Dustin Pedroia Admits John Farrell’s Approach ‘Would Wear On’ Red Sox In 2017


Mar 26, 2018

If something seemed off about the Boston Red Sox last season, there’s apparently a pretty good reason: There was something off about the Red Sox last season.

There certainly seemed to be something of a leadership void, and Red Sox second baseman Dustin Pedroia admitted Monday that former Boston manager John Farrell was part of the reason the club didn’t seem to enjoy itself in 2017.

“The overall approach, every day, would wear on guys. It wasn’t people not liking each other. We all love each other. Trust me,” Pedroia said Monday morning on WEEI’s “OMF.”

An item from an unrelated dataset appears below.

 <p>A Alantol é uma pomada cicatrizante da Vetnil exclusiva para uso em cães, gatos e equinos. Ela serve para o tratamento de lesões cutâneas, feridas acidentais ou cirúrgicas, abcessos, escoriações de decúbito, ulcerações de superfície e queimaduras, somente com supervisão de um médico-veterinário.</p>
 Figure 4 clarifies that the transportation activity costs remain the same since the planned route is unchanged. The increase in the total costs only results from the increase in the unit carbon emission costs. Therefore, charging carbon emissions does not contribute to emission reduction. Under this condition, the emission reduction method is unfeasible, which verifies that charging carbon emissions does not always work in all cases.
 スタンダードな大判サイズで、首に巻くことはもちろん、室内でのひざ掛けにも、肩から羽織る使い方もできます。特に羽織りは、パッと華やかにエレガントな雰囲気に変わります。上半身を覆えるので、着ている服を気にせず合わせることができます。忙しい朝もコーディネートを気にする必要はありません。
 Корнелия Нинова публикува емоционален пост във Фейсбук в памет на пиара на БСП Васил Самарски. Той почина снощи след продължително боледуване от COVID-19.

“There’s the mindset of, ‘You show up to the yard, you put your work in, you have your approach that day, and you try to execute it. If you don’t, guess what? You’re going to show up tomorrow and still be in the lineup. We’re all going to have confidence in you. We’re all going to show up and try to win and accomplish the same thing.’ That’s what wore on guys and made the season that much more grueling — when everything that day was more magnified. It put a lot of pressure on our young guys, it put a lot of pressure on our veteran guys. That’s the part, when you hear Mookie (Betts) or (Xander Bogaerts) say they weren’t having much fun, you don’t ever have a chance to enjoy yourself if you don’t go 4-for-4, throw a complete game shutout, or we don’t win by 10. You don’t look ahead to the end of what we were trying to build for.”

Pedroia (and perhaps the rest of the club) sounds optimistic about the approach of new Red Sox manager Alex Cora. After dispatching Farrell, the Red Sox opted to go young with Cora, who Pedroia says is utilizing a more laid-back approach.

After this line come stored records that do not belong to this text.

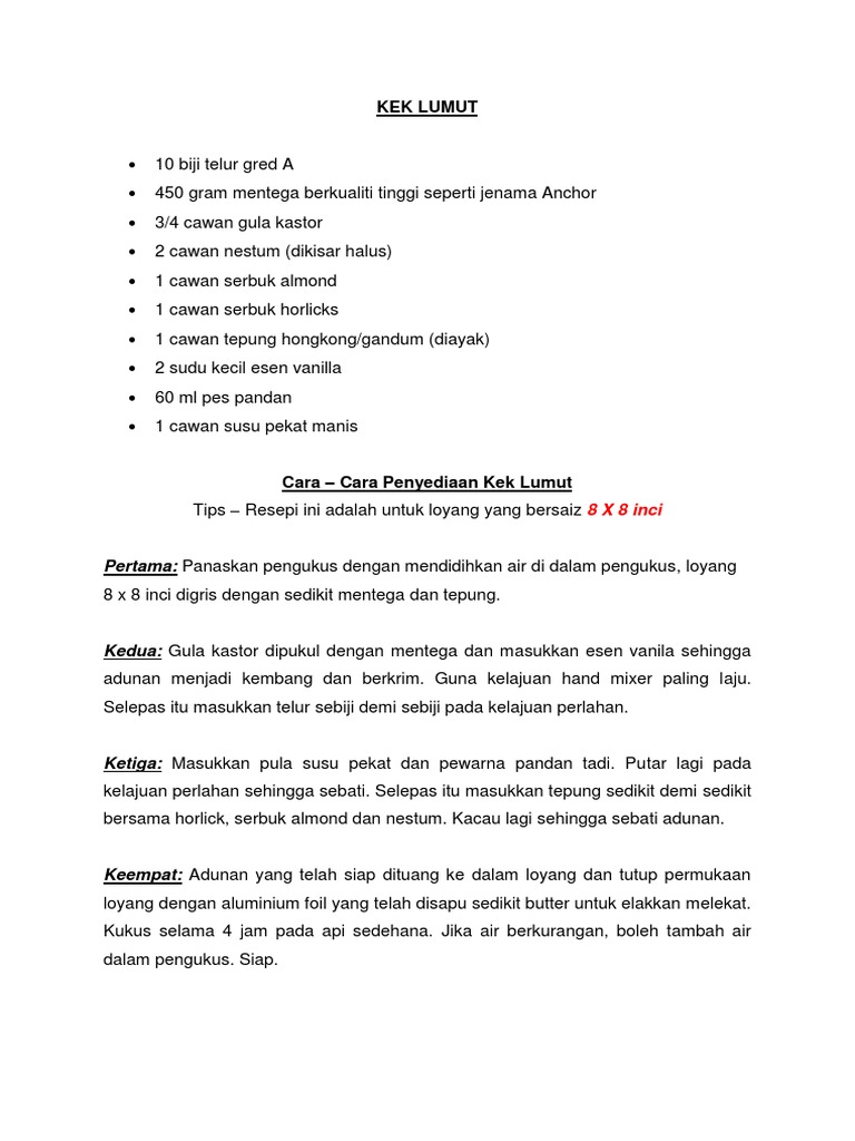 . Siapa yang belum cuba memang wajib try resepi Kek. Kek ni juga boleh di jadikan hidangan minum petang korang sekeluarga. 1 cawan serbuk horlicks Resepi Kek Lumut Kukus Sedap Ikuti langkah di bawah dengan teratur.
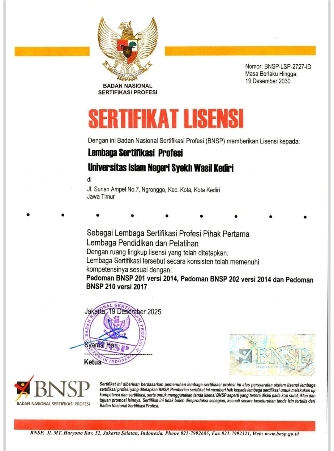 UINSW Newsroom – Lembaga Sertifikasi Profesi (LSP) UIN Syekh Wasil Kediri resmi mengantongi sertifikat lisensi dari Badan Nasional Sertifikasi Profesi (BNSP). Lisensi tersebut memberikan kewenan
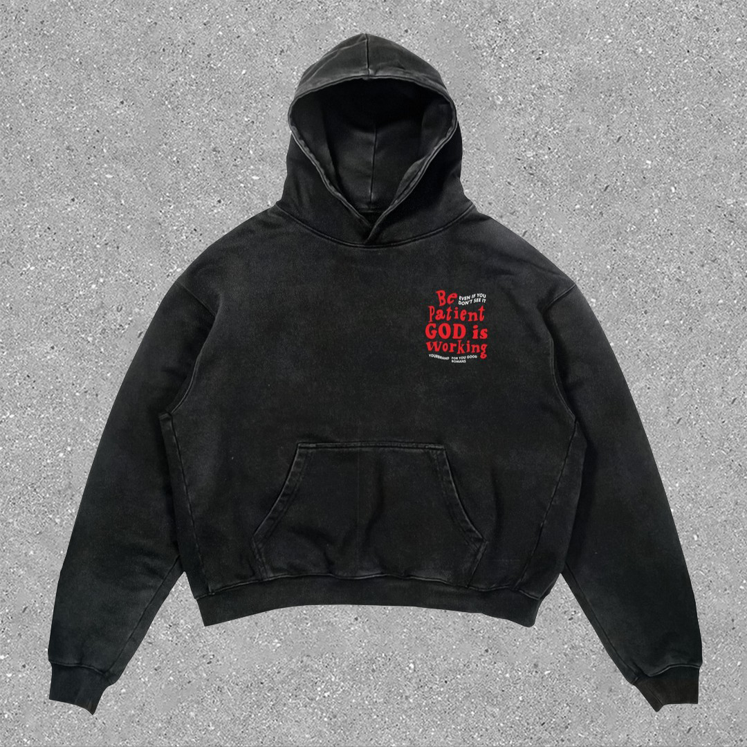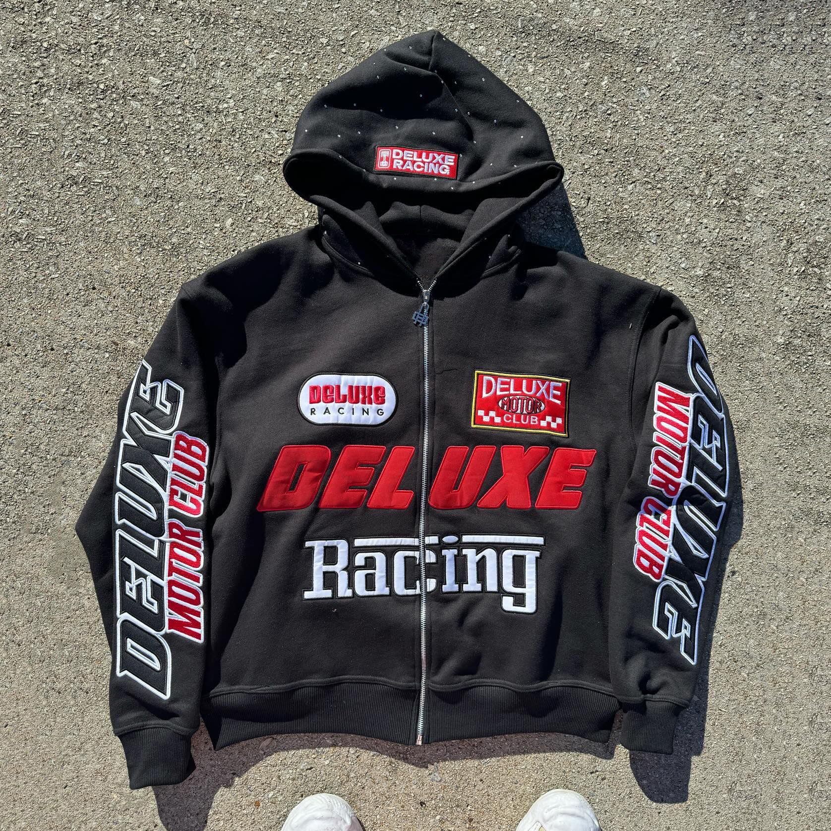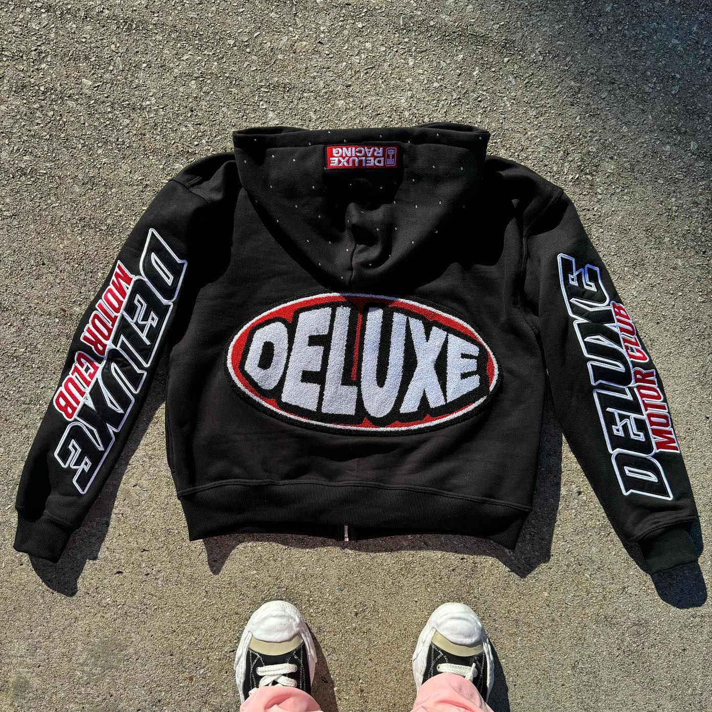 High Street Letter Patch Print Zipper Mask Hood Hoodie

“It’s more put your work in and stick with the process, don’t worry about results that day because, over the course of the season, you’re going to be the type of player you are throughout 162 games,” Pedroia said on WEEI. “You don’t stay away from what your strengths are. If you’re facing a tough pitcher that day, and my strength is pulling the ball, and he throws every pitch on the corner away, and I go 0-for-4, it’s not panic, show up the next day and try to become a guy who hits the ball the other way all of the time. It’s more process oriented than result-that-day oriented.”

It will be a while before we know whether the changes in the coaching staff and manager’s office make a difference. After all, the Red Sox fired Farrell after two straight division titles. He and his club couldn’t get over the hump in the playoffs, and that ultimately cost Farrell his job, but Cora inherits an improved roster with inflated expectations.

So regardless of approach, Cora has a lot to live up to in order to at least match the production of the last two seasons in Boston.